Prokaryotic Expression Of Avian Metapneumovirous F Protein And Establishment Of Indirect ELISA Method

Avian metapneumovirus (aMPV) mainly causes acute respiratory tract infection in turkeys and chickens, such as turkey rhinotracheitis and swollen head syndrome. Avian metapneumoviruses have been classified into four subtypes (A, B, C, and D), subtypes A and B are prevalent in most countries around the world, while subtype C is only present in the USA and to a limited degree in France and Korea. Subtype D infection in turkeys has only been reported in France. Serology investigation showed that aMPV infection in China was mainly caused by subtype A. In order to understand the prevalence of aMPV infection in China and establish a cost-effective method for detection of antibodies against aMPV infection, this study for the first time demonstrated the presence of subtype C aMPV infection in most Chinese local meat-type commercial chicken farms surveyed by typing RT-PCR, expressed the host-protective immunogen fusion (F) protein in prokaryotic expression system, and established an indirect ELISA for aMPV serological survey. The results are shown as followed.Firstly, it was demonstrated that aMPV infection in chickens is mainly caused by subtype C through the detection of collected materials from part of China by RT-PCR method with published universal primers of aMPV.Secondly, truncated F protein lacking partial hydrophobic regions from subtype A was expressed by prokaryotic expression system and shown to be antigen activity by WB test. Then the purified monomer protein was obtained by cutting the tag protein of expression vector with enterokinase.Finally, the purified monomer protein served as an antigen to coat a 96-well ELISA plate, and the best reaction condition was obtained, resulting in the successful establishment of an indirect ELISA method.
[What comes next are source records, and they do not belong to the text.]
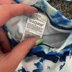 Long sleeve rash guard with blue shark print. Matching blue tie-dye swim shorts.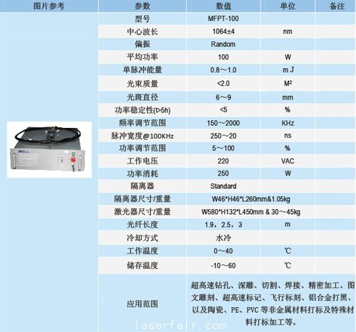 MFPT-100 脈寬可調(diào)MOPA脈沖光纖激光器的工作波長(zhǎng)穩(wěn)定在1064+4nm,功率可調(diào)范圍5%-100%,脈沖寬度可調(diào)范圍20ns-250ns,脈沖重復(fù)頻率150-2000KHz,通過(guò)定制可實(shí)現(xiàn)高達(dá)1mJ的峰值功率輸出,滿(mǎn)足了工業(yè)應(yīng)用的諸多需求,是高重復(fù)頻率、即插即用的高新產(chǎn)品。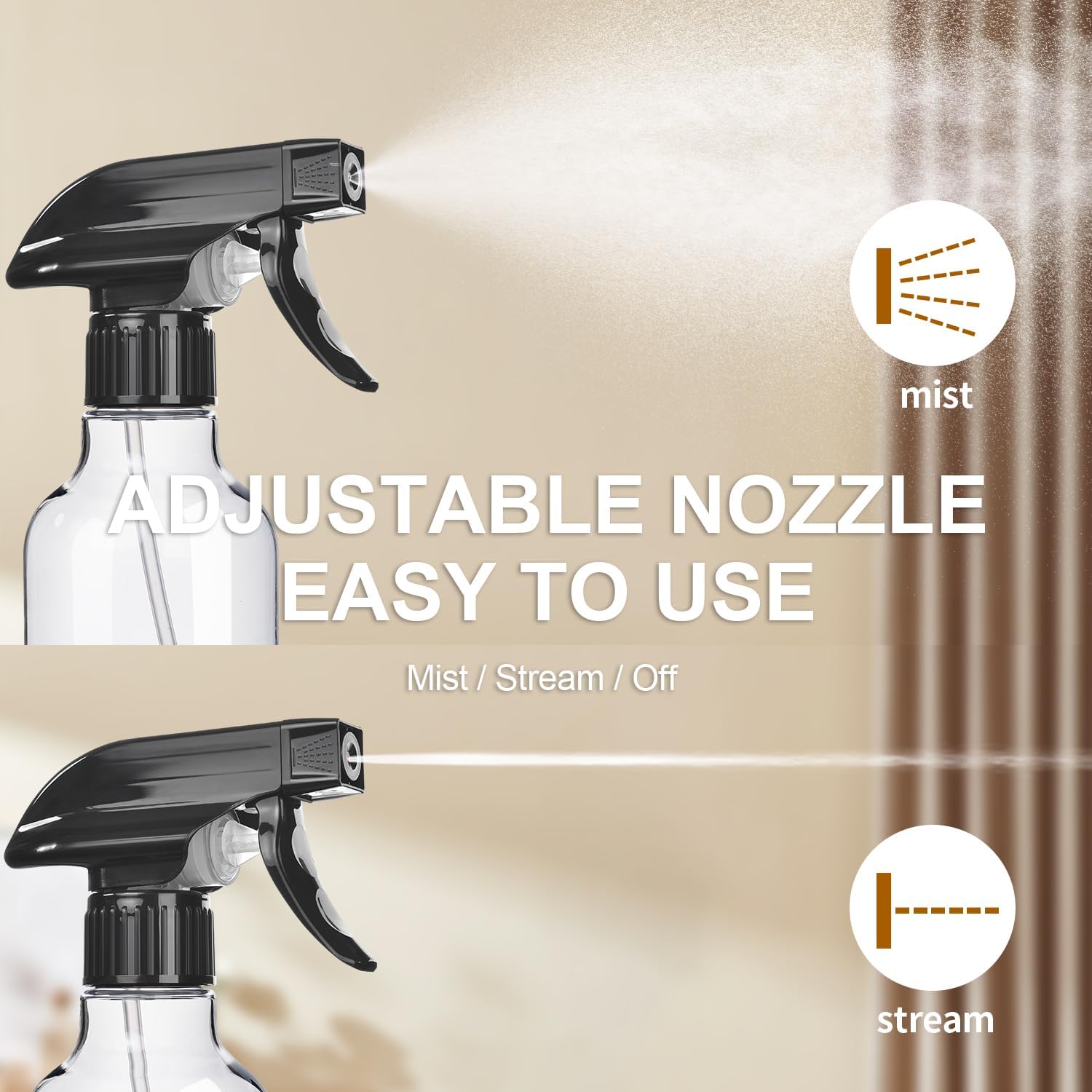- 3 Modes (Fine Mist, Solid Stream & Turn Off) - Easy to hold and spray, these sprayer bottles feature a smooth nozzle adjustment for mist to stream. They deliver a gentle mist that won't harm delicate plants and a solid stream up to 10 feet, catering to different scenarios.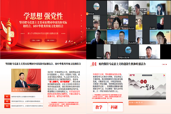 中药民族药学与药剂系联合党支部书记孙金凤利用线上方式,以《坚持把马克思主义基本原理同中国具体实际相结合、同中华优秀传统文化相结合》为题讲专题党课,主要从如何能教育出三观正确的学生、如何理解坚持和发展马克思主义必须同中国具体实际相结合、同中华优秀传统文化相结合等两个方面内容进行讲述。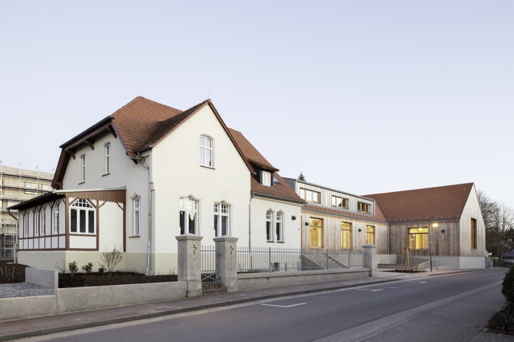 Das Projekt von Krekeler Architekten basiert auf einem Wettbewerbsgewinn und verfolgt das Ziel, das ortsbildprägende Gemeindehaus zu erhalten und durch einen Neubau in Holzrahmenbauweise zu ergänzen.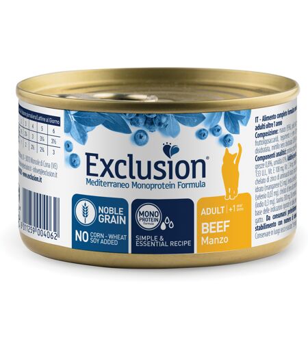 EXCLUSION MEDITERRANEO NOBLE GRAIN CAT ADULT BEEF ALL BREEDS Descrizione Alimento completo formulato con una fonte proteica animale, per gatti adulti oltre 1 anno. Alimento completo e bilanciato, formulato con una sola fonte proteica animale disidratata, per una ricetta chiara ed essenziale, e con solo un cereale nobile di alta qualità. La specifica formulazione aiuta il buon funzionamento delle vie urinarie ed è preservato con antiossidanti naturali. È realizzato con una innovativa ricetta con superfood della tradizione mediterranea: melagrana, more, lamponi e mirtilli neri. È arricchito con Psyllium per aiutare a contrastare la formazione dei boli di pelo. Senza grasso di pollo, frumento, soia e mais aggiunti. Ingredienti Manzo (95%), piselli, riso, polpa di cicoria essiccata, olio di salmone, fruttoligosaccaridi, tegumento e semi di psyllium, mannanoligosaccaridi, melagrana disidratata, mirtillo nero disidratato (0,03%), mora disidratata, lampone rosso disidratato. Caratteristiche nutrizionali Valori medi prodotto Vit. A 3.370 U.I. Vit. D3 133 U.I. Vit. E 108 mg Vit. C 34 mg Rame 0,5 mg Zinco 6,5 mg Manganese 0,5 mg Selenio 0,03 mg Ferro 3,5 mg Iodio 0,3 mg Taurina 300 mg DL-metionina 33 mg Modalità d’uso Servire sulla base delle indicazioni riportate in tabella, tenendo sempre acqua fresca a disposizione del gatto. Conservazione Conservare in frigorifero. Validità a confezionamento integro: 24 mesi. Formato 85 g. Cod. NGCABW85 ...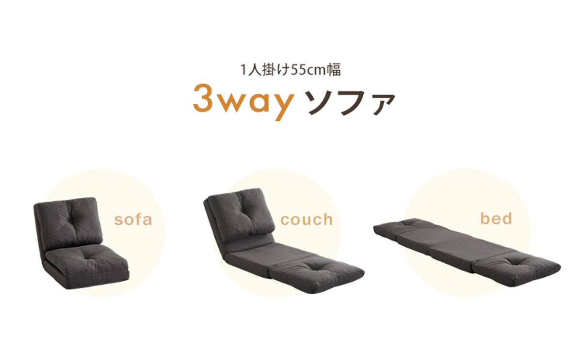 ![]() 3wayソファ 1人掛け 幅55cm | ![]() 3wayソファ 1.5人掛け 幅80cm | ![]() 3wayソファ 2人掛け 幅110cm |

Compared with the detection results of IDEXX aMPV antibody detection kit (America), the general coincidence rate was 95.73%, which suggested the established indirect ELISA method with well specificity and sensitivity.In conclusion, the presence of aMPV subtype C infection in the commercial meat-type chickens implicated that aMPV-C viruses may be a potential hazard for chickens, and the establishment of the indirect ELISA method based upon expressed F truncated protein will facilitate to effective control for aMPV infection in chickens.